Bengt J. Olsson
Twitter: @bengtxyz
LinkedIn: beos
A recent post on LinkedIn from Svenska Kraftnät (SvK, the Swedish TSO) states that the power system “used to” control clock time. Those of us who are a bit older remember our bedside clock radios – remarkably precise, with no obvious reason why. You never had to set them; they just kept perfect time. This, of course, was because the clocks were synchronized to the AC power frequency (50 Hz in Europe), and the power system itself was kept in sync with UTC – frequency-wise.
Nowadays, clocks are typically controlled via internet protocols like NTP, which easily maintain sub-second accuracy relative to UTC. But can we still control clocks via the power system? According to the network codes (regulations for European power system operators), there is indeed a requirement to regulate the time difference between a network-synchronized clock and UTC.
The regulation itself does not specify hard limits, but ENTSO-E does so in its Nordic System Operation Agreement (SOA):
“Synchronous area monitor shall endeavour to maintain the electrical time deviation within a time range of ±30 seconds. If the time deviation has reached ±15 seconds, operators of Synchronous area monitor shall make a plan to reduce the time deviation.”
So there we have it. TSOs are expected to maintain (or at least aim to maintain) a clock within ±30 seconds of UTC. The caveat is that adjusting the network frequency to correct network time can interfere with keeping sufficient reliability margins to handle typical frequency disturbances. In other words: frequency control takes precedence over time correction.
Time Error Analysis
So how does the Nordic power system perform, from a timekeeping point of view?
To investigate this, I downloaded frequency data from Fingrid.
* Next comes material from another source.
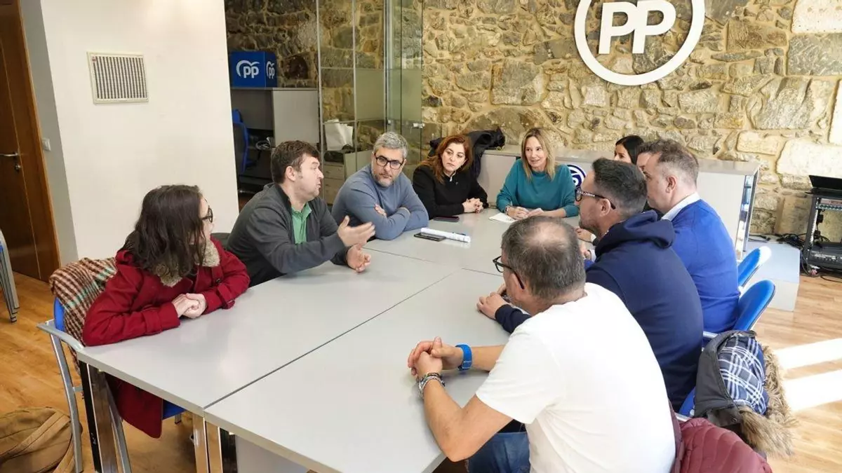 Miembros del PP de Vigo, entre ellos su presidenta Marta Fernández-Tapias y los candidatos vigueses al 18-F Patricia García, Marta Mariño y Miguel Fidalgo, se reunieron ayer con representantes del comité de empresa de Vitrasa, que llevan en huelga indefinida desde el pasado 25 de noviembre. Al encuentro acudió un miembro de cada uno de los sindicatos que conforman dicho comité: Imanol Arnoso (CIG), Manuel Núñez (CCOO), Rosa Martínez (UGT) y Fernando Pérez (USO).

The dataset consists of frequency samples covering all of 2024. Since the sampling interval is 0.1 seconds, the full dataset contains over 300 million data points – a bit too much for my desktop PC to process comfortably.
To make things manageable without losing much fidelity, I downsampled the data to 1-second resolution. There were some missing or duplicate samples that were handled by interpolation. There were also longer gaps (e.g., two hours in December), which I filled in using the nominal frequency of 50 Hz. This “repair” of the dataset has very little influence on the final results.
Below is a plot of the raw frequency samples (averaged over 1 second):
Next, here’s the integrated time error (TE), calculated by accumulating the frequency deviations over time. The baseline used is the average frequency (50.00023380 Hz) of the sample; using 50.000 Hz as baseline instead would produce a ramping error of 140 seconds across the year. The difference in baselines may stem from adjustments made to fill missing data.
Here’s the resulting graph:
From the graph above, we can conclude two things:
- The Nordic TSOs maintain a long-term average frequency that is well locked to the UTC reference.
- However, you probably don’t want to synchronize your clock to the network frequency anymore – ±20 seconds is not acceptable by today’s standards.
Frequency Analysis
While we’re at it, let’s look at the spectral properties of the frequency signal. By applying a Fast Fourier Transform (FFT) to the time series data, we can spot some recurring patterns:
Frekvens: 2.6620e-04 Hz | Period: 3756.52 s | Period: 1.04 h |Amplitud: 0.0060 | 1
Frekvens: 2.5463e-04 Hz | Period: 3927.27 s | Period: 1.09 h |Amplitud: 0.0044 | 2
Frekvens: 2.8935e-04 Hz | Period: 3456.00 s | Period: 0.96 h |Amplitud: 0.0040 | 3
Frekvens: 1.6667e-02 Hz | Period: 60.00 s | Period: 0.02 h |Amplitud: 0.0040 | 4
Frekvens: 2.3148e-05 Hz | Period: 43200.00 s | Period: 12.00 h |Amplitud: 0.0037 | 5
Frekvens: 3.0093e-04 Hz | Period: 3323.08 s | Period: 0.92 h |Amplitud: 0.0034 | 6
Frekvens: 1.1574e-05 Hz | Period: 86400.00 s | Period: 24.00 h |Amplitud: 0.0032 | 7
Frekvens: 1.1343e-03 Hz | Period: 881.63 s | Period: 0.24 h |Amplitud: 0.0029 | 8
Frekvens: 2.7778e-04 Hz | Period: 3600.00 s | Period: 1.00 h |Amplitud: 0.0029 | 9
The most prominent features are peaks 1, 2, 3, 6, and 9 – all close to one-hour periods. These correspond to hourly market operations: at the start of each hour, net positions are updated based on market outcomes. Generators and loads adjust their output accordingly, often causing step changes in frequency.
Other spikes appear at 24 hours, 12 hours, 15 minutes, and 1 minute. The 15 min spike could probably be attributed to activation of balancing services such as FRR which are activated in 15 minutes intervals as I understand it. But the others are harder to explain – perhaps someone has insight into their origins?